From: Lee Schermerhorn <lee.schermerhorn@hp.com>
To: linux-mm@kvack.org
Cc: akpm@linux-foundation.org, mel@csn.ul.ie, clameter@sgi.com,
riel@redhat.com, balbir@linux.vnet.ibm.com, andrea@suse.de,
a.p.zijlstra@chello.nl, eric.whitney@hp.com, npiggin@suse.de
Subject: [PATCH/RFC 10/14] Reclaim Scalability: track anon_vma "related vmas"
Date: Fri, 14 Sep 2007 16:55:06 -0400 [thread overview]
Message-ID: <20070914205506.6536.5170.sendpatchset@localhost> (raw)
In-Reply-To: <20070914205359.6536.98017.sendpatchset@localhost>
PATCH/RFC 10/14 Reclaim Scalability: track anon_vma "related vmas"
Against: 2.6.23-rc4-mm1
When a single parent forks a large number [thousands, 10s of thousands]
of children, the anon_vma list of related vmas becomes very long. In
reclaim, this list must be traversed twice--once in page_referenced_anon()
and once in try_to_unmap_anon()--under a spin lock to reclaim the page.
Multiple cpus can end up spinning behind the same anon_vma spinlock and
traversing the lists. This patch, part of the "noreclaim" series, treats
anon pages with list lengths longer than a tunable threshold as non-
reclaimable.
1) add mm Kconfig option NORECLAIM_ANON_VMA, dependent on NORECLAIM.
2) add a counter of related vmas to the anon_vma structure. This won't
increase the size of the structure on 64-bit systems, as it will fit
in a padding slot.
TODO: do we need a ref count > 4 billion?
3) In [__]anon_vma_[un]link(), track number of related vmas. The
count is only incremented/decremented while the anon_vma lock
is held, so regular, non-atomic, increment/decrement is used.
4) in page_reclaimable(), check anon_vma count in vma's anon_vma, if
vma supplied, or in page's anon_vma. In fault path, new anon pages are
placed on the LRU before adding the anon rmap, so we need to check
the vma's anon_vma. Fortunately, the vma is available at that point.
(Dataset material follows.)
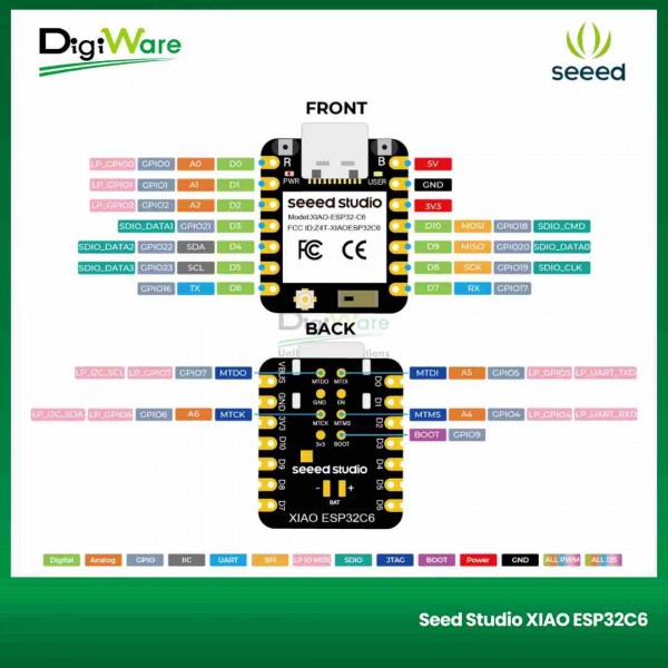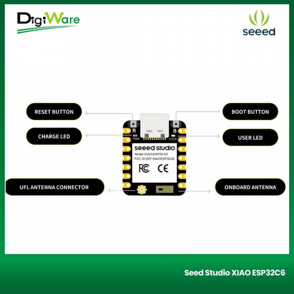 Seeed Studio XIAO ESP32C6 with Dual 32-bit RISC-V Processors Support 2.4GHz WiFi 6, BLE 5.0, Zigbee, and Thread

In vmscan, we can just check the page's anon_vma for any anon pages
that made it onto the [in]active list before the anon_vma list length
became "excessive".
5) make the threshold tunable via /proc/sys/vm/anon_vma_reclaim_limit.
Default value of 64 is totally arbitrary, but should be high enough
that most applications won't hit it.
Notes:
1) a separate patch makes the anon_vma lock a reader/writer lock.
This allows some parallelism--different cpus can work on different
pages that reference the same anon_vma--but this does not address the
problem of long lists and potentially many pte's to unmap.
2) TODO: do same for file rmap in address_space with excessive number
of mapping vmas?
3) Treating what are theortically reclaimable pages as nonreclaimable
[in practice they ARE nonreclaimable] will result in oom-kill of some
tasks rather than system hang/livelock. We can debate which is
preferrable. However, with these patches, Andrea Arcangeli's oom-kill
cleanups may become more important.
4) an alternate approach: rather than treat these pages as nonreclaimable,
we could track the anon_vma references and in fork() [dup_mmap()], when
the count reaches some limit, give the anon_vma to the child and its
siblings and their descendants, and allocate a new one for the parent.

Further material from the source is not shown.